Anachan's Corner

One woman's journey through marriage, motherhood, and the classroom…

Adventures in the Online Library

Written By: Anachan - May• 14•17

Not too terribly long ago, I picked up a library card from our local library.

“Now, Anachan,” you’re probably saying, “you’re telling me you teach English and encourage students to read, and you don’t even have a library card yourself? What kind of hypocrisy is this?” Well, honestly, when I say “local” library, I mean one which is about an hour away from my home. It is in the town where I work, but it is not usually open when I have the time to go there. In addition, I have access to the high school library when I want many books, so there really had been no need.

But when a good friend became the head librarian, I learned from her Facebook posts that the library not only had physical books, they also had access to an on-line lending library through the state of New Mexico.

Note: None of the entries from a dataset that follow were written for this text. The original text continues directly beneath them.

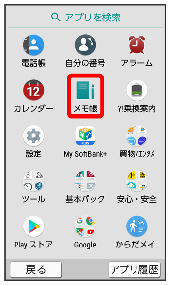 メモ帳一覧画面でメモをタップ(選択したアプリが起動します。
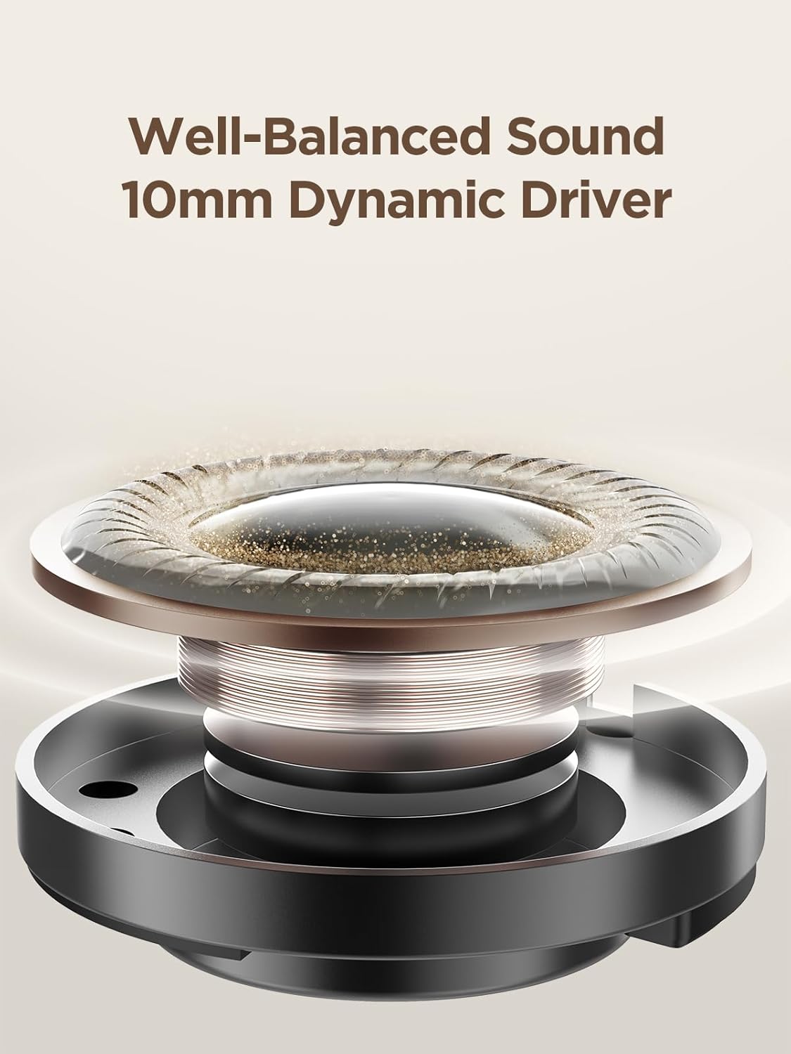 Crystal-Clear Voice Calls – The Q20 wireless earbuds stands out with dual microphones and an AI-powered noise-canceling algorithm, distinctly isolating voices from background sound. Advanced wind noise reduction (WNR) ensures transparent communication, crystal clear even in the elements.
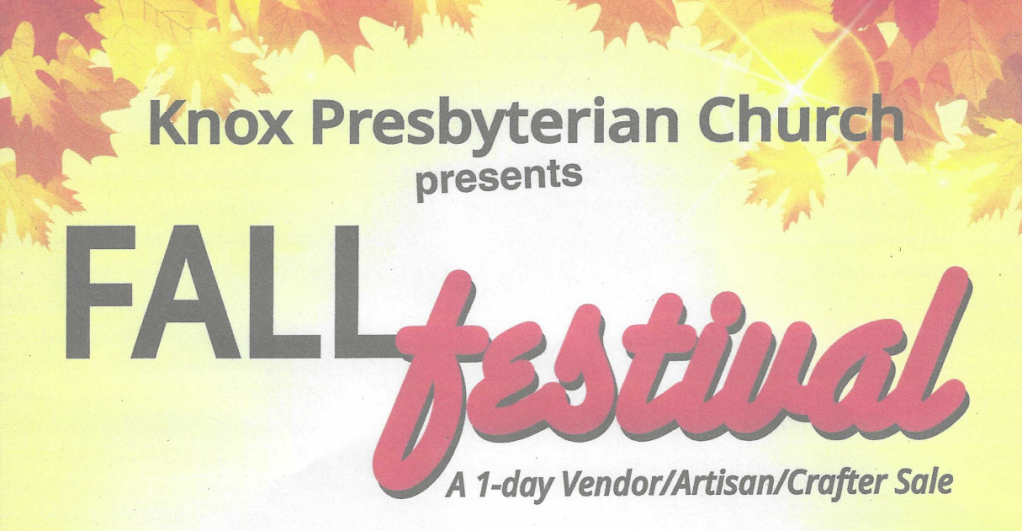 Knox Presbyterian Church presents the Fall Festival! A one day sale featuring local Vendors, Artisans, Crafters, Raffles, and Baked Goods!
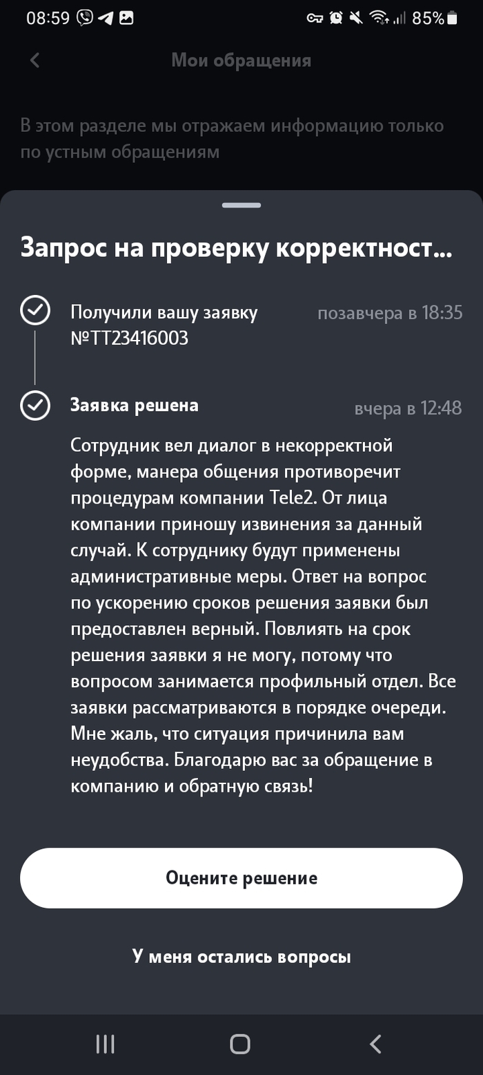 Я наверно, как и многие люди не люблю менять, то что хорошо работает, но данная ситуация просто выбесила, не уверена что и после продолжу пользование теле2. Пишу все не это не ради рейтинга, а просто что бы излить душу.

Now that was interesting. Books I could read without having to make it to a physical location to check out or return? I decided to give it a try.

With library card in hand, I logged on and browsed the selections. I was surprised to find that George R. R. Martin was listed among the “New Mexican” authors listed on the front page–surprised, but not tremendously excited, as I really don’t have any interest in reading the Game of Thrones series, despite my tendency to gravitate toward fantasy. I recognized other New Mexican authors, such as Tony Hillerman, who writes decent enough police mysteries, set in the northern half of the state. My mind satisfied with “Gee, whiz” facts, I finally searched for the book I’d really come to find: Hillbilly Elegy, which had been recommended to me by a friend.

No such luck: There was a waiting list. I put my name on the waiting list, then browsed what was available now . . . and found Reading Lolita in Tehran.

Reading Lolita in Tehran is a memoir by Azar Nafisi, who had been American-educated, then returned to Iran to teach university courses. She witnessed and lived through the events of the cultural revolution in the late 1970s and had to deal with changes in dress, attitudes, and behavior forced upon her and upon other citizens by the new regime. The book covers many of her and her students’ experiences from the time of the cultural revolution, intertwined with the account of a clandestine class she organized in her own home for a few select young ladies. She discusses the themes of several English-language books they covered, comparing them to her and her students’ situation in their own country.

It is a well-written book, although it may be slow-moving for those who are not bibliophiles. As I have had only a bit of exposure to the events of the cultural revolution in Iran through Persepolis, an autobiographical work by Marjane Satrapi in the form of a graphic novel, the topic of Iranian women coping with the situation in which they found themselves already held some of my interest. In this, the book does not disappoint.

But what I did not expect was the desire I now have to seek out some of the novels mentioned by the author and become more familiar with them. While I have no particular desire to read Lolita (still), and while I’ve only recently reread The Great Gatsby, and so have no need to read it again, I have done searches on books by Henry James and quotations by Friedrich Nietzsche. I expect I will have added to that list by the time I finish the book.

My one disappointment is that I cannot discuss this book with my husband. He has an innate sense of hatred for injustice, particularly injustice that he cannot fix. And so, while he is usually willing to discuss almost any book or article or almost anything else I want to discuss, this is the one kind of topic which he will beg I not speak of with him. Having gone through Arabic language classes at the Defense Language Insitute back in the late 1980s, he insists that he already knows the terrible things which the Islamic regimes have done in the Middle East and he does not want to dwell on them.

While I wish I could speak of the events in the book to him, to admire a turn of phrase or to organize my thoughts, if nothing else, I do understand. There are things on which I cannot dwell and will avoid like the plague, things which do not disturb him. Some people think that married couples should do everything together, but I consider it one of the compromises of marriage that married couples should not insist on doing everything together. And so he doesn’t insist that I watch certain dramas which take the viewer deeply into the minds of evil killers, and I do not insist that he watch shows or read books about injustice. (Note to self: Maybe I ought to remove “To Kill a Mockingbird” off our Netflix list . . .)

Because it is May–every U.S. teacher’s most stressful time of year–I have only made it halfway through Reading Lolita in Tehran and will need to renew it when the loan expires. I’m looking forward to the further discoveries I will make as I progress through to the end.